Illustration d'une femme allongée pour se reposer à cause de douleurs menstruelles
[JC/Al Jazeera]

L’approvisionnement en serviettes est également difficile, a-t-elle dit, car la plupart des magasins locaux sont fermés en raison du conflit. Cependant, lorsqu’elle commande des serviettes à Yangon, la livraison est souvent retardée. Elle a ajouté que les femmes hésitent souvent à demander des serviettes hygiéniques par embarras car la plupart des bénévoles impliqués dans la distribution de l’aide sont des hommes.

Dans la région de Sagaing, Sandar a soulevé une préoccupation similaire. “Les hommes sont ceux qui gèrent la plupart des camps de déplacés, et les femmes sont timides pour parler des menstruations”, a-t-elle déclaré. “Les responsables du camp ou les responsables oublient aussi normalement de s’occuper des besoins des femmes comme des serviettes.”

Un nombre important de femmes ont rejoint des groupes révolutionnaires armés, vivant dans des camps d’entraînement éloignés et se déplaçant dans la jungle et la forêt. Gloria, 19 ans, a déclaré qu’il était difficile de gérer ses règles depuis qu’elle a pris les armes contre l’armée en février à Moebye, dans l’État de Shan.

« Parfois, nous ne pouvons même pas changer nos serviettes hygiéniques en une journée. Je dois utiliser le même tampon aussi longtemps qu’il peut tenir », a-t-elle déclaré. “Parfois, quand je n’ai pas de serviettes hygiéniques, je ne peux pas faire grand-chose et je reste à l’abri et je dors.”

Elle est l’une des 10 femmes environ dans une unité de plus de 100 hommes, et bien que les femmes campent séparément et aient leurs propres latrines, elles partagent une zone de baignade avec les hommes. Il n’y a qu’un pain de savon et de l’eau rare, donc Gloria se baigne environ deux fois par mois.

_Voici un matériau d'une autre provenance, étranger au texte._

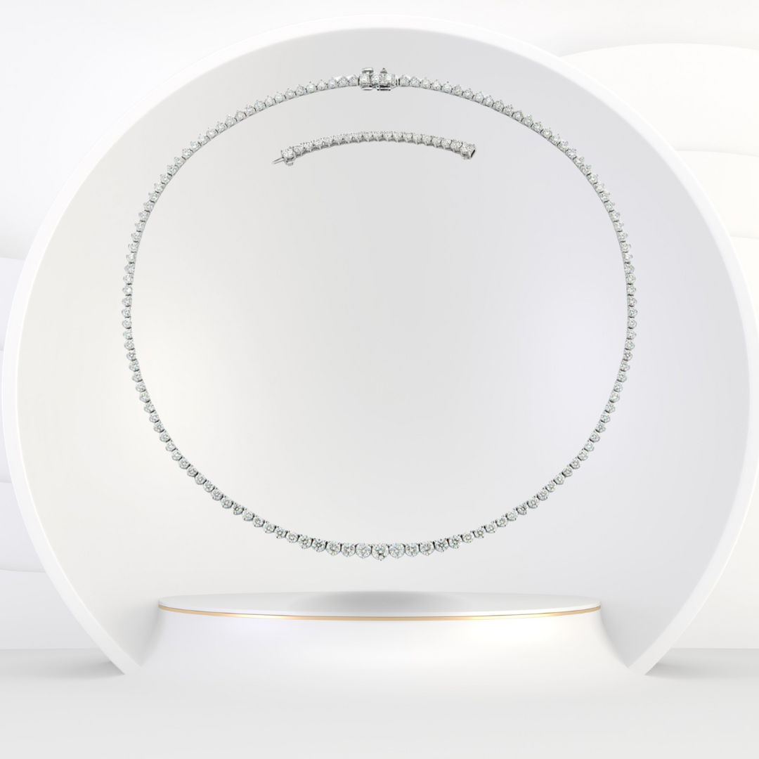 This 3-Prong Riviera Graduated Natural Diamond Tennis Necklace features round-cut diamonds set in a classic graduated design for a smooth, elegant flow across the neckline. The secure 3-prong setting enhances brilliance while keeping the look light, refined, and timeless.
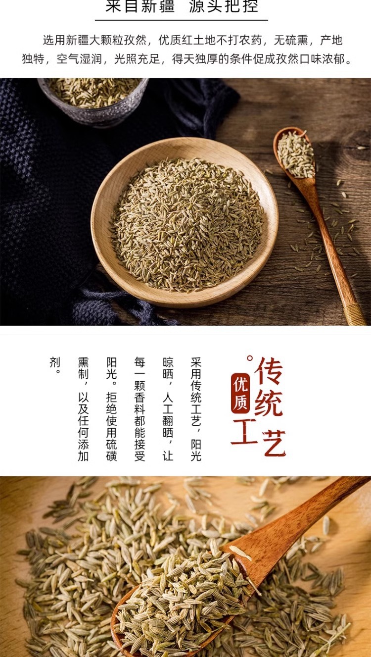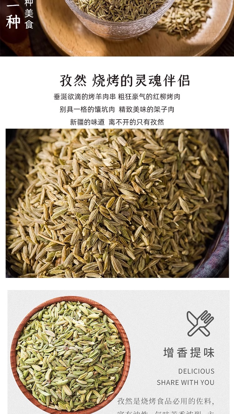 【保健功效】孜然含有丰富的挥发油和多种维生素,具有温中散寒、理气止痛的功效。在传统中医理论中,孜然被广泛用于治疗胃寒腹痛、消化不良等症状。现代研究表明,孜然还具有抗氧化、抗炎和促进消化的作用,适量食用有助于增强免疫力和改善肠胃功能。
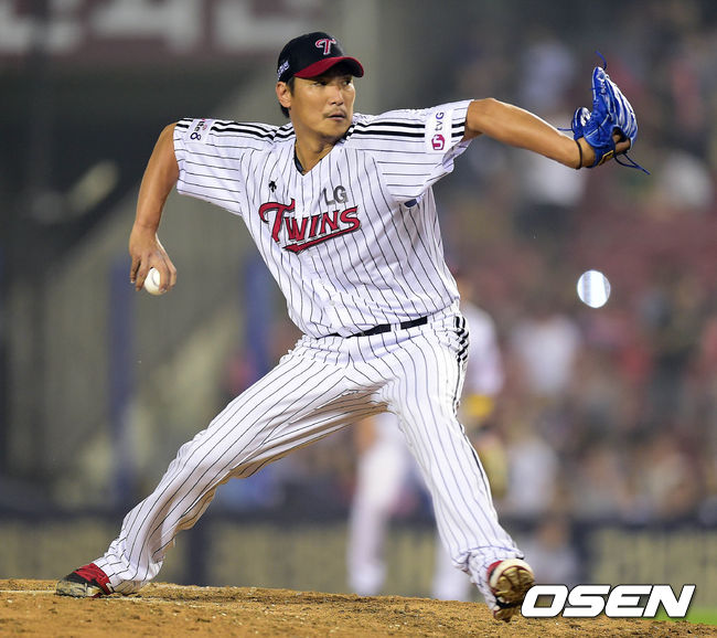 15일 오후 서울 잠실구장에서 열린 '2014 한국야쿠르트 세븐 프로야구' LG 트윈스와 삼성 라이온즈의 경기 9회초 이동현이 역투를 펼치고 있다.
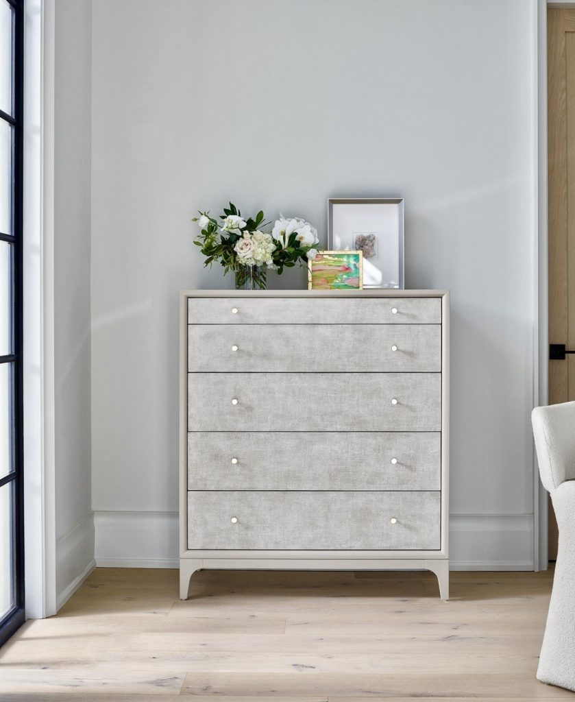 Simple and artful, this dresser shows how some decorating styling can go a long way. The light woods have a touch of texture to them, while a sculptural vase filled with white flowers rests atop this dresser. The end effect is a fresh and modern look for a bedroom.
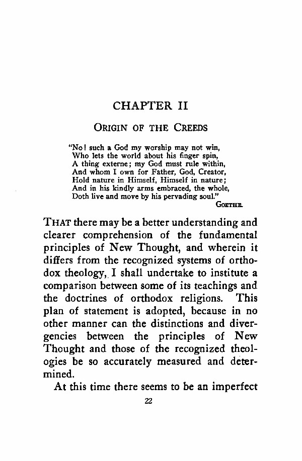 principles of New Thought, and wherein it differs from the recognized systems of orthodox theology, I shall undertake to institute a comparison between some of its teachings and the doctrines of orthodox religions. This plan of statement is adopted, because in no other manner can the distinctions and divergencies between the principles of New Thought and those of the recognized theologies be so accurately measured and determined.
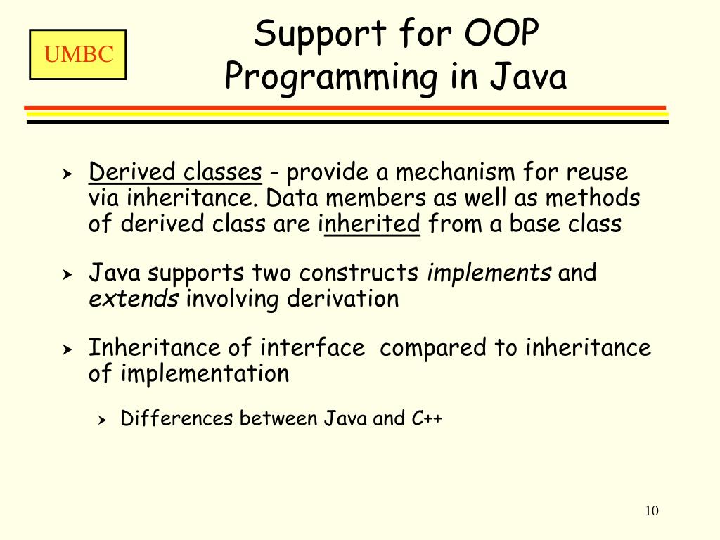Support for OOP Programming in Java • Derived classes - provide a mechanism for reuse via inheritance. Data members as well as methods of derived class are inherited from a base class • Java supports two constructs implements and extends involving derivation • Inheritance of interface compared to inheritance of implementation • Differences between Java and C++
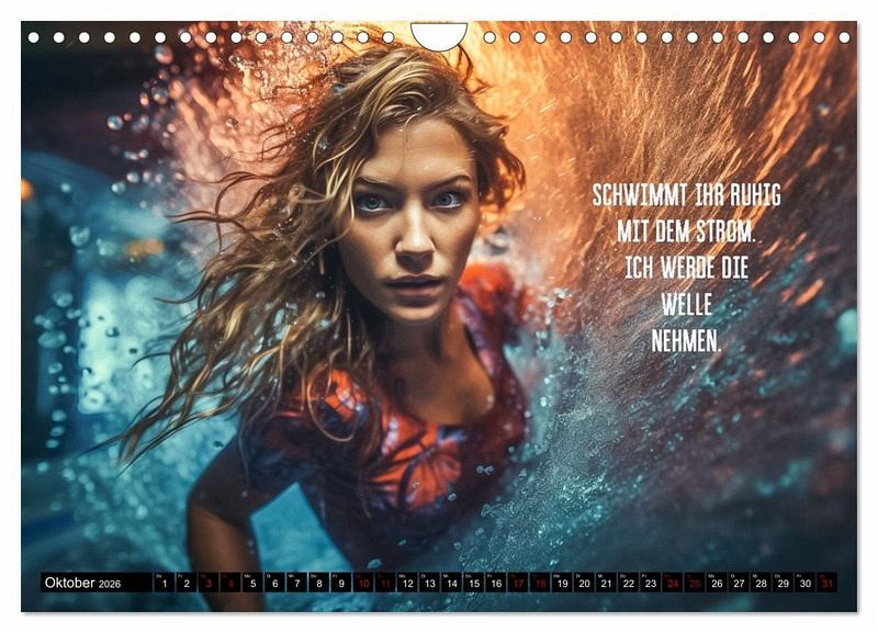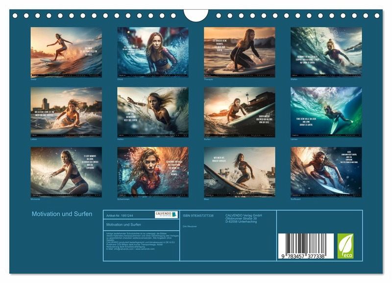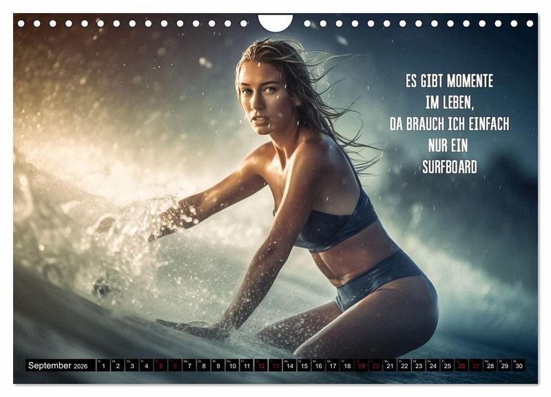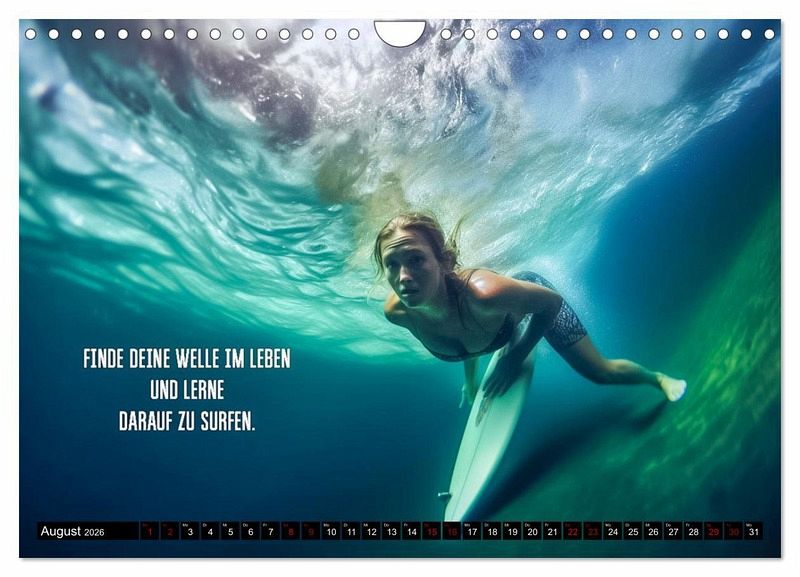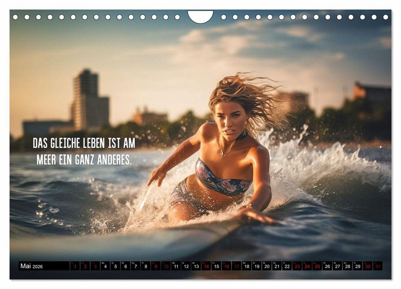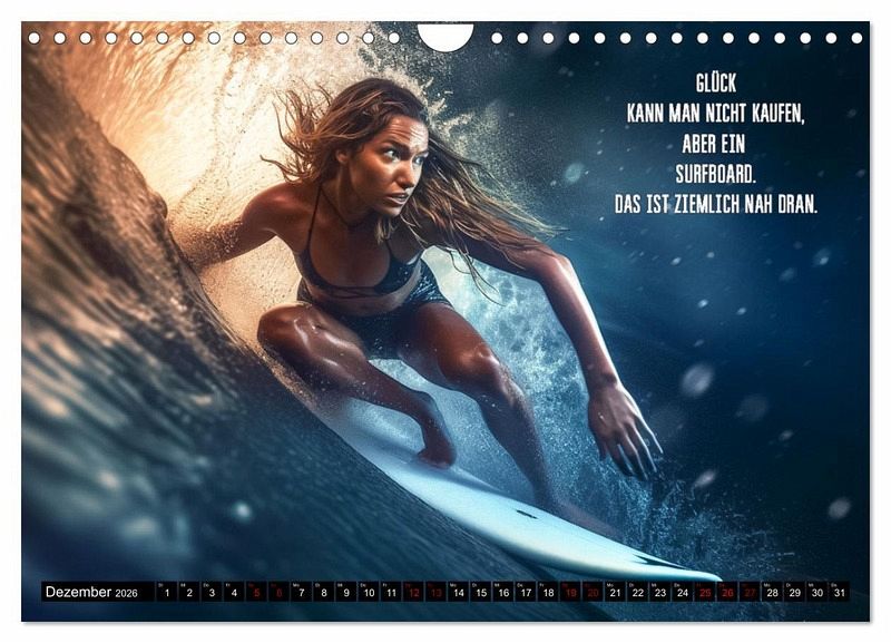 In diesem einmaligen Kalender erwarten Sie nicht nur wunderschöne Frauen mit ihren Surfboards, sondern auch coole Sprüche. Lassen Sie sich begeistern. Die wunderbaren Bilder und positiven Sprüche werden Ihnen helfen, sollte es Ihnen mal nicht so gut gehen. Dann werden diese Sie aufmuntern und eine unheimliche Energie und Lebensfreude in Ihnen freisetzen. Er eignet sich auch hervorragend als Geschenk für Ihre Bekannten und Verwandten, sie werden sich ganz bestimmt darüber freuen. Erstellt wurden die Bilder im Übrigen mit einer KI und Photoshop.
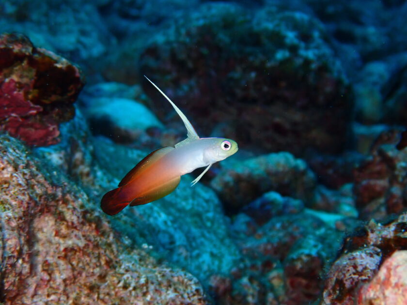 ガレ場にはヒレがピクピク動いて可愛いハタタテハゼ

Lorsqu’elle se rend en première ligne, elle passe généralement des journées entières dans les mêmes vêtements et sous-vêtements. Elle brûle ou enterre ses serviettes usagées ou les transporte dans son sac, et avec seulement de l’eau potable disponible, elle ne peut pas se baigner du tout.

Pourtant, elle avance.

“J’ai des crampes menstruelles. Je dois aussi porter des armes et des sacs lourds tout en essayant de suivre le rythme de marche des autres camarades », a-t-elle déclaré. “Je continuerai malgré toutes ces difficultés parce que je veux la démocratie.”

Cet article a été soutenu par une subvention d’ARTICLE 19 dans le cadre de Voices for Inclusion, un projet financé par le ministère néerlandais des Affaires étrangères.